There was a problem hiding this comment.
More tests added in 16c81e0 - let me know if you feel something is missing!
There was a problem hiding this comment.
I don't understand why you put these tests in integration tests. We should gradually remove this integration tests, so we should not do this unnecessary we have no other choice. These tests are almost all about arrow readers, why not put them in arrow module?
There was a problem hiding this comment.
Moved in fd6a91b
I had put these in integration_tests because they were genuinely Spark integration tests (reading real Spark-written variant data end-to-end through the REST catalog), and I wasn't aware we're trying to phase that suite out. Now that I know, I've moved them.
Mitigation: the coverage is now in arrow/reader/projection.rs as self-contained unit tests over synthetic variant Parquet (full scan, variant-only, sibling-only, nested-in-struct) — they drive ArrowReader end-to-end (projection mask + decode), assert the id values and the variant metadata/value bytes round-trip exactly. read_variant.rs is deleted and the variant tables are removed from dev/spark/provision.py, so the PR no longer touches Spark provisioning at all.

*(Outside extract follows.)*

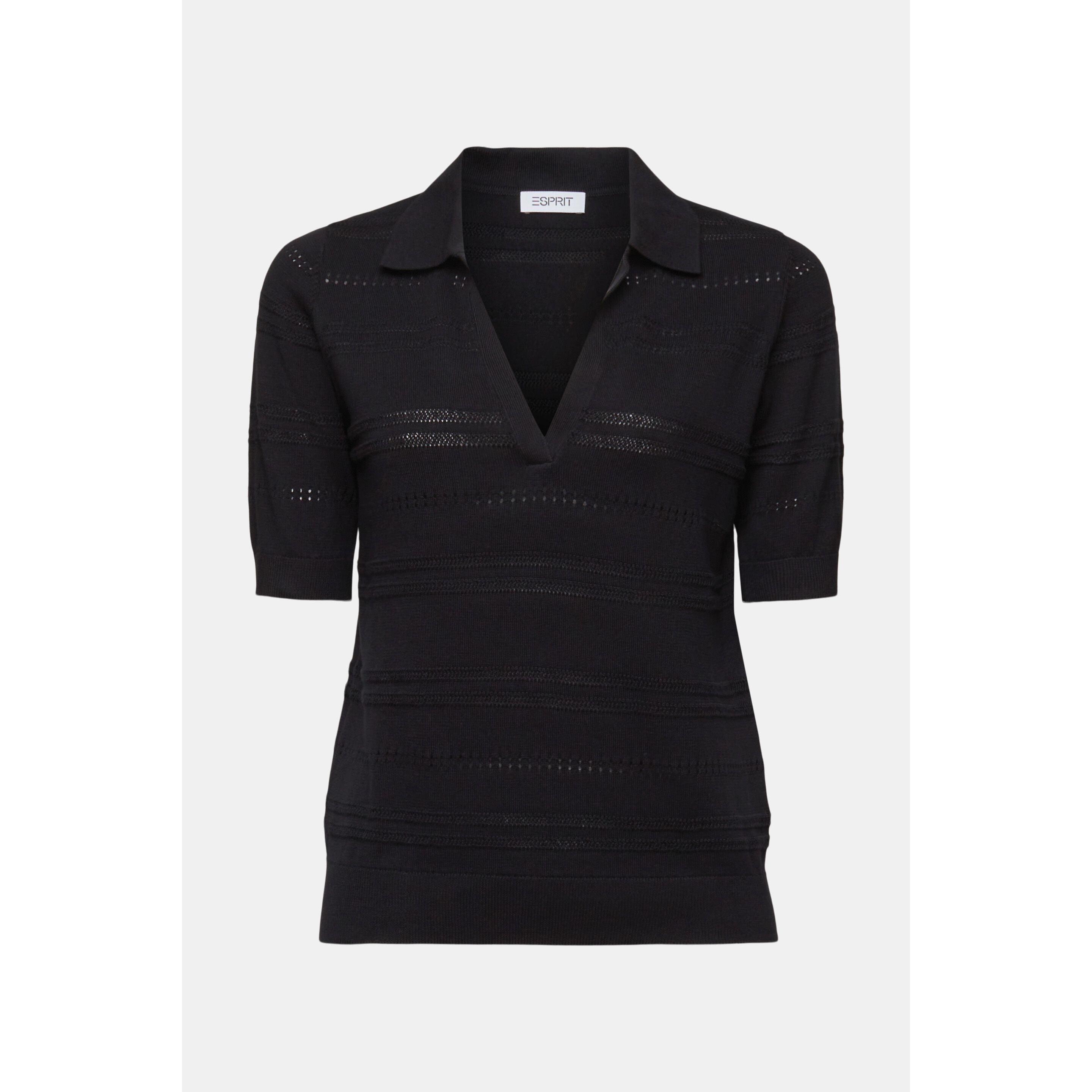 Questa polo presenta un colletto classico e uno scollo a V, offrendo un look intramontabile ma moderno. Le maniche corte e i dettagli in maglia traforata aggiungono un tocco di raffinatezza, rendendola un capo versatile per varie occasioni.

The one thing we lose is the real cross-engine interop check. If we want that back later it's a single-commit revert, but I think the unit tests cover the reader logic that actually mattered here.

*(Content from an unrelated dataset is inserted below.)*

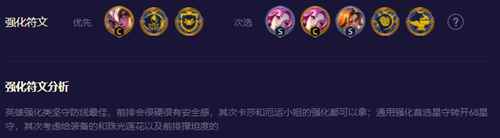 【符文推荐】 1、英雄强化类坚守防线最佳,前排会很硬很有安全感,其次卡莎和厄运小姐的强化都可以拿。 2、通用强化首选星守转开68星守,其次考虑给装备的和珠光莲花以及前排撑坦度的。
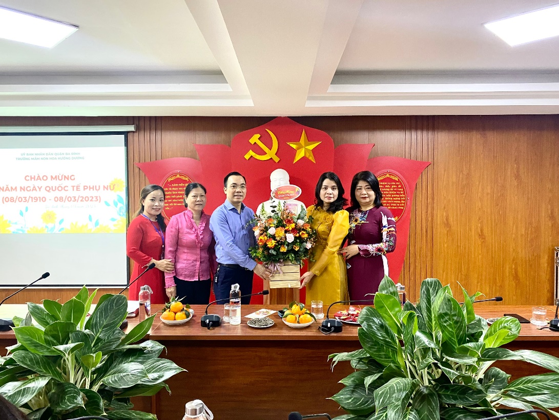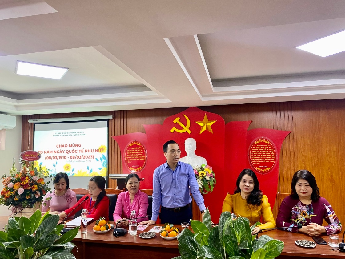 Ông Lê Quốc Dũng gửi lời chúc mừng đến cán bộ giáo viên, nhân viên trường MN Hoa Hướng Dương nhân ngày Quốc tế Phụ nữ 8/3

Longer term a cleaner interop source could be apache/parquet-testing (engine-agnostic, spec-canonical variant vectors) rather than Spark — I'd wire that in when we add variant value decoding / take on the #2546 annotation+shredding work, since that's what the corpus actually exercises.
|
@blackmwk ready for another round! |
| pub const SCHEMA_NAME_DELIMITER: &str = "."; | ||
| /// Minimum format version that allows non-null field default values. | ||
| /// Mirrors Java's `Schema.DEFAULT_VALUES_MIN_FORMAT_VERSION`. | ||
| pub const MIN_FORMAT_VERSION_DEFAULT_VALUES: FormatVersion = FormatVersion::V3; |
There was a problem hiding this comment.
| pub const MIN_FORMAT_VERSION_DEFAULT_VALUES: FormatVersion = FormatVersion::V3; | |
| pub(crate) const DEFAULT_VALUES_MIN_FORMAT_VERSION: FormatVersion = FormatVersion::V3; |
This is not a public api.
There was a problem hiding this comment.
Applied. That said, I'd lean toward keeping spec-defined version floors like this pub. iceberg-rust is an SDK for empowered users — I don't think we should be overly protective with visibility. Downstream catalogs/engines (Lakekeeper, for us) that gate default-value writes on format version otherwise have to re-declare this constant locally.

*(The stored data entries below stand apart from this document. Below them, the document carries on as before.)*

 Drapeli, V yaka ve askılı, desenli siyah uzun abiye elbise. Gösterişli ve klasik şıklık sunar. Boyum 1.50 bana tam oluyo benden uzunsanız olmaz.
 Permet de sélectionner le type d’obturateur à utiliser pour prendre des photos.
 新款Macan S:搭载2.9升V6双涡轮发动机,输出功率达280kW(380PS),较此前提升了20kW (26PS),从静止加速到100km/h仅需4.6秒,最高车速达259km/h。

| /// `TimestampNs` / `TimestamptzNs` / `Variant` require v3; everything else (including | ||
| /// nested types, validated per-leaf elsewhere) is valid from v1. Single source of truth | ||
| /// for the type version rules, mirroring Java's `Schema.MIN_FORMAT_VERSIONS`. | ||
| fn leaf_min_format_version(field_type: &Type) -> FormatVersion { |
There was a problem hiding this comment.
This should be part of Type.
There was a problem hiding this comment.
15884b9 moved the shallow per-type rule onto Type::min_format_version - just like it was originally, just with the fixed recursion from the last review.
| /// Minimum [`FormatVersion`] required to represent all *types* in this schema. | ||
| /// | ||
| /// Types only; for initial-default version floors see [`Schema::check_format_compatibility`]. | ||
| pub fn min_format_version(&self) -> FormatVersion { |
There was a problem hiding this comment.
| pub fn min_format_version(&self) -> FormatVersion { | |
| pub fn calc_min_compatible_format(&self) -> FormatVersion { |
Also please change comments to clarify that this will visit whole schema to get this, or how about we store it a lazy field in Schema?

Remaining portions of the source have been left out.